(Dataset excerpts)
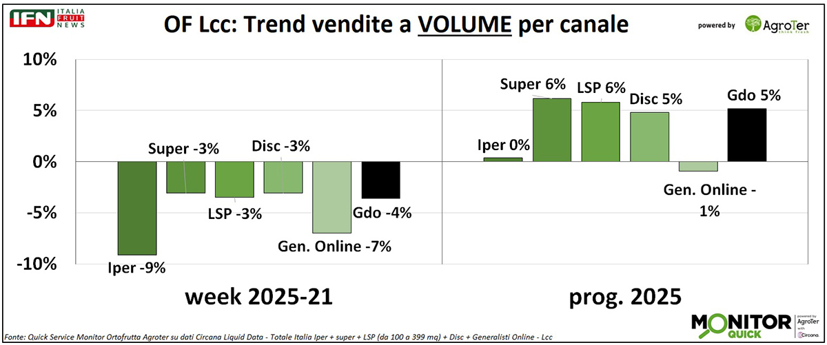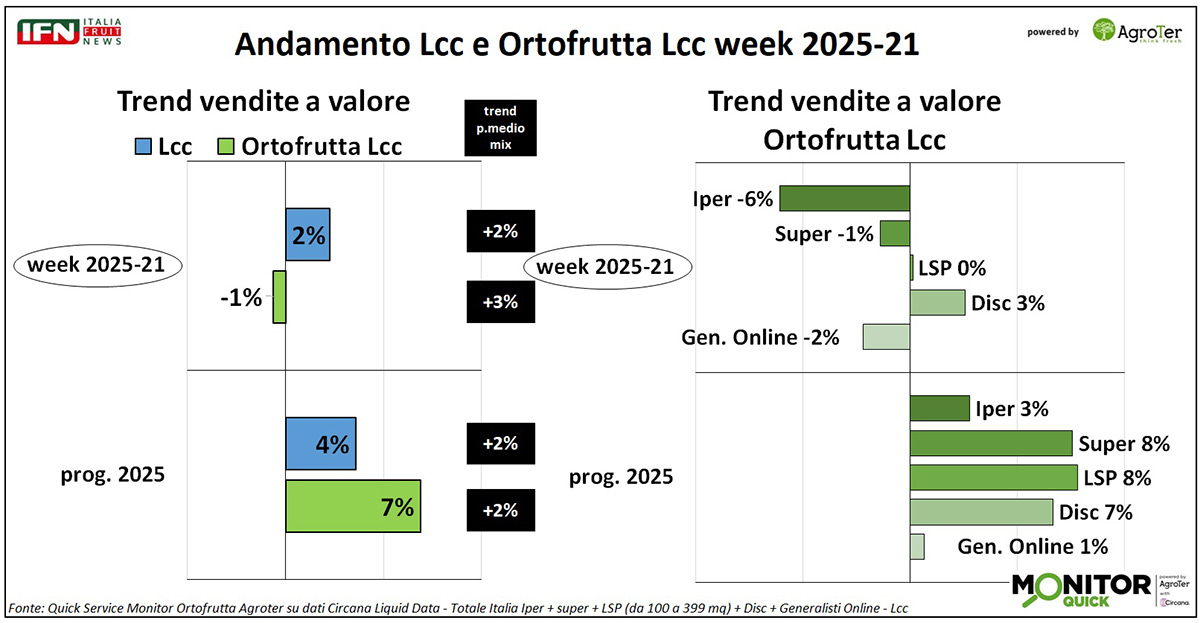 Anche nella week 21 l’ortofrutta Lcc arranca
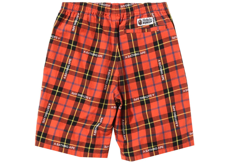 The BAPE Logo Check Shorts Red is now available at Side Kicks!
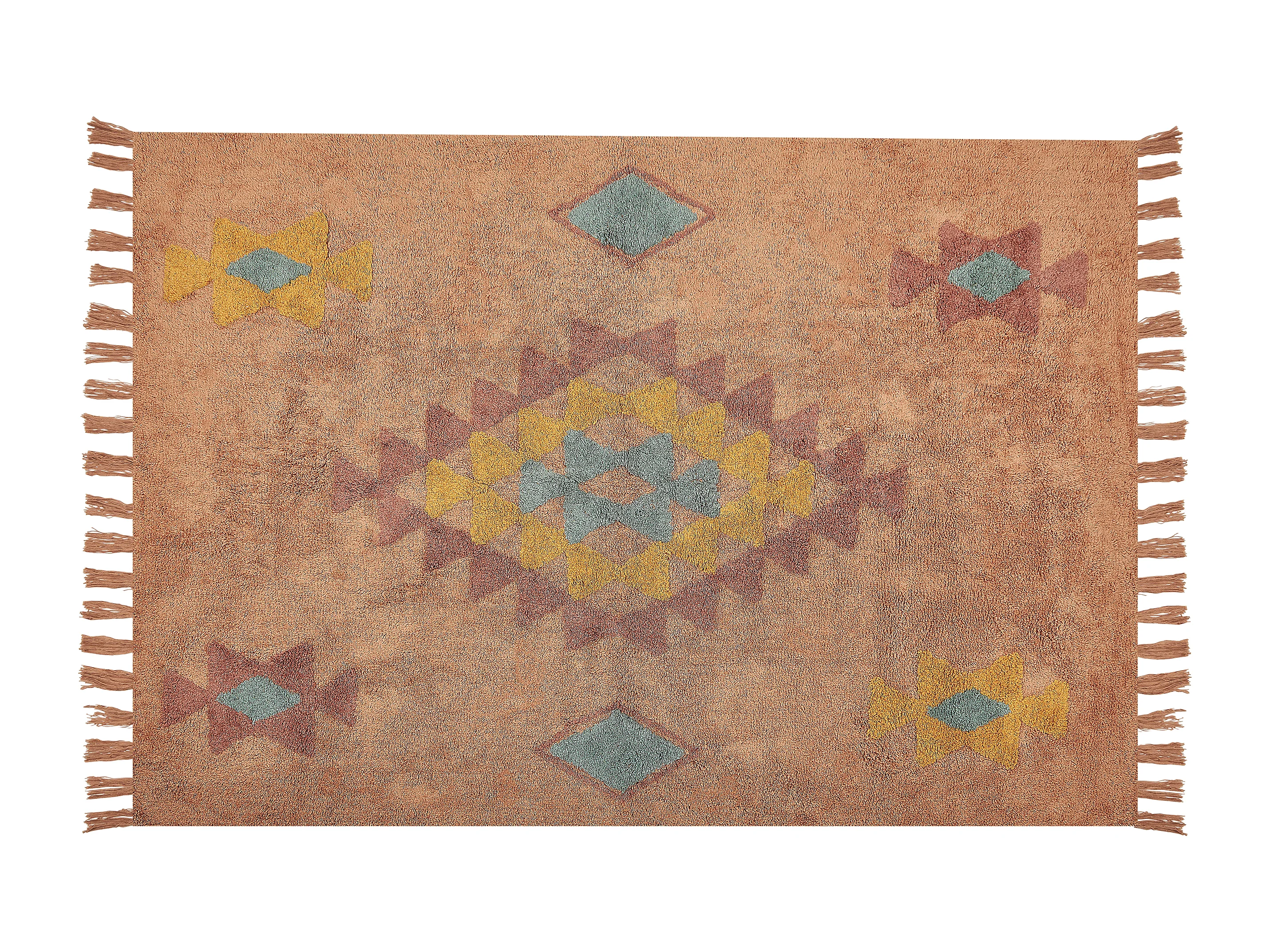 Teppich Baumwolle geometrisches Muster orange 160x230 cm mit Fransen Boho Igdir
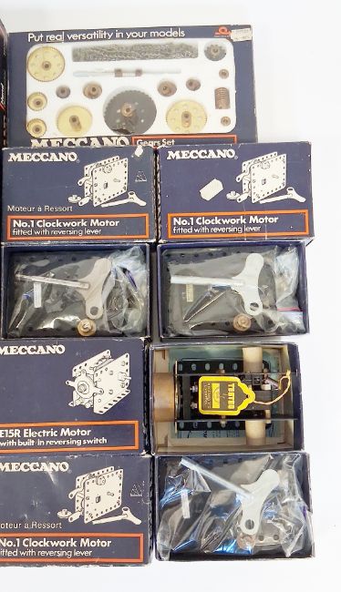 Meccano boxed motors and accessories to include two E15R Electric Motors, 11175 Hand Generator, two No.11000 Magic Clockwork Motors, three No.1 Clockwork Motors, Gears Set and a Battery Control Box
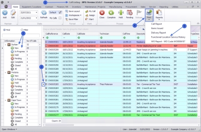 - Click on the row of the call you wish to print the functional location service history report for.
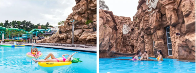 한국식 테마로 꾸며진 케이브존은 마치 동굴 속에서 온천을 즐기는 듯 아늑한 기분을 느낄 수 있습니다.
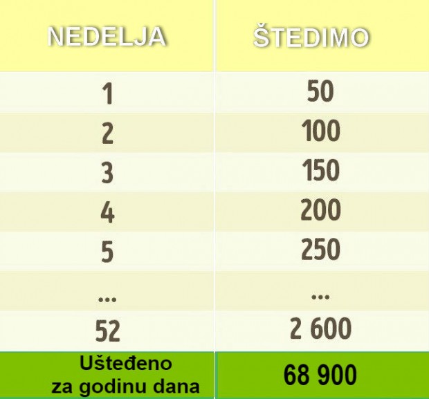 Na primjer, počnite od 50 din. Sljedeće nedelje odvojite 100, potom 150, a posljednje nedelje u godini 2 600 din. Na kraju ćete uspjeti da sakupite 68 900 din.

(Exercise directions)
Nothing but the lines from the first line of the data above through the line holding "한국식 테마로 꾸며진" may appear in the response, copied exactly and without pictures.

(Task answer)
 Anche nella week 21 l’ortofrutta Lcc arranca
 The BAPE Logo Check Shorts Red is now available at Side Kicks!
 Teppich Baumwolle geometrisches Muster orange 160x230 cm mit Fransen Boho Igdir
 Meccano boxed motors and accessories to include two E15R Electric Motors, 11175 Hand Generator, two No.11000 Magic Clockwork Motors, three No.1 Clockwork Motors, Gears Set and a Battery Control Box
 - Click on the row of the call you wish to print the functional location service history report for.
 한국식 테마로 꾸며진 케이브존은 마치 동굴 속에서 온천을 즐기는 듯 아늑한 기분을 느낄 수 있습니다.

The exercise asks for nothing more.